The data:
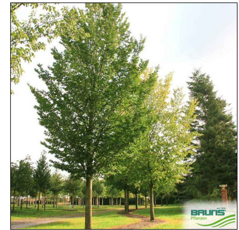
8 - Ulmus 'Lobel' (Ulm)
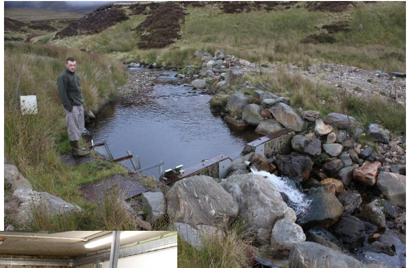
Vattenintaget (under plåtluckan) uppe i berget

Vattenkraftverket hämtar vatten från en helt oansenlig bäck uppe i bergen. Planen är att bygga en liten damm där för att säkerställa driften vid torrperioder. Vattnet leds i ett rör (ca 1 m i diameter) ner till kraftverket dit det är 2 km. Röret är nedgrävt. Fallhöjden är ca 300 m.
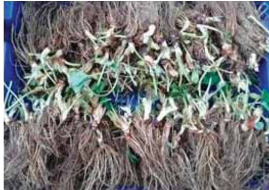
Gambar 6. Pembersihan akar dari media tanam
...
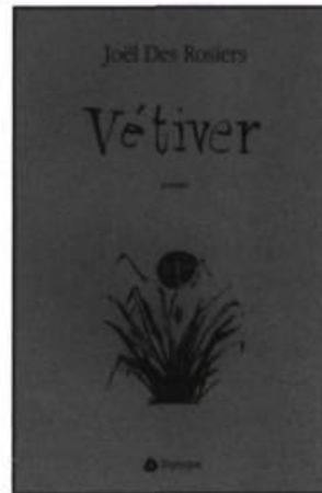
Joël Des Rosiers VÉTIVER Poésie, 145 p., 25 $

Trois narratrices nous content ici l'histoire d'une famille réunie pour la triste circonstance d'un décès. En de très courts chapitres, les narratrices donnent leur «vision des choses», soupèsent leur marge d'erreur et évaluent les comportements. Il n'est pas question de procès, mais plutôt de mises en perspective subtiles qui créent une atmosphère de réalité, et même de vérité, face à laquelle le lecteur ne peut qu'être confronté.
* * *
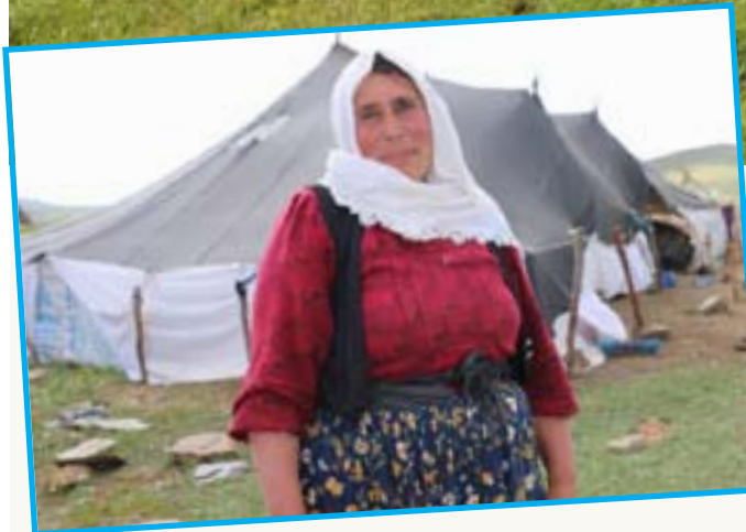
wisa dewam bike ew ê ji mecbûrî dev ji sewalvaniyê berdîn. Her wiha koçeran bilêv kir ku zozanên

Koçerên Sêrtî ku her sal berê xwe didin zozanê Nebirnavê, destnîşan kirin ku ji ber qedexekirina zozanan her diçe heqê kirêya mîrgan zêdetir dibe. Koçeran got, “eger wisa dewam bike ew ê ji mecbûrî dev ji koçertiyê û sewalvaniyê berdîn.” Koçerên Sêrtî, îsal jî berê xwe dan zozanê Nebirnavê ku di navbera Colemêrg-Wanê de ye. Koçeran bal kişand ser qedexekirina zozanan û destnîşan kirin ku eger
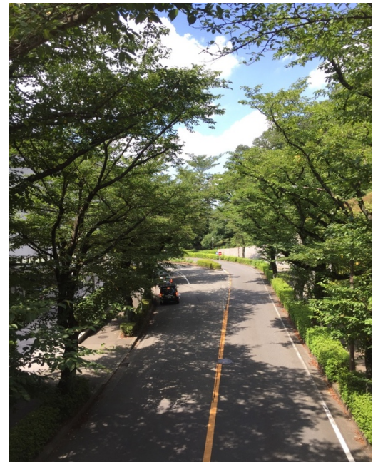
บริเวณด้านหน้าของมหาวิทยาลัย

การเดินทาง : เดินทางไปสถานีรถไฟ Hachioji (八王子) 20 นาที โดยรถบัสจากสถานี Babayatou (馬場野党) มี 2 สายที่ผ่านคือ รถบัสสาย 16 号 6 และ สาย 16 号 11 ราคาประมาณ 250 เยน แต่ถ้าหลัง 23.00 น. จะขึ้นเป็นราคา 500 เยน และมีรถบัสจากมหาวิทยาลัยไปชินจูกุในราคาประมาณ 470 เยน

Assigned task: Copy out the listing above from the line containing "Vattenintaget (under plåtluckan)" to the line containing "Gambar 6. Pembersihan akar dari media tanam", both included, exactly as written and minus the images.

Solution to this exercise:
Vattenintaget (under plåtluckan) uppe i berget

Vattenkraftverket hämtar vatten från en helt oansenlig bäck uppe i bergen. Planen är att bygga en liten damm där för att säkerställa driften vid torrperioder. Vattnet leds i ett rör (ca 1 m i diameter) ner till kraftverket dit det är 2 km. Röret är nedgrävt. Fallhöjden är ca 300 m.
Gambar 6. Pembersihan akar dari media tanam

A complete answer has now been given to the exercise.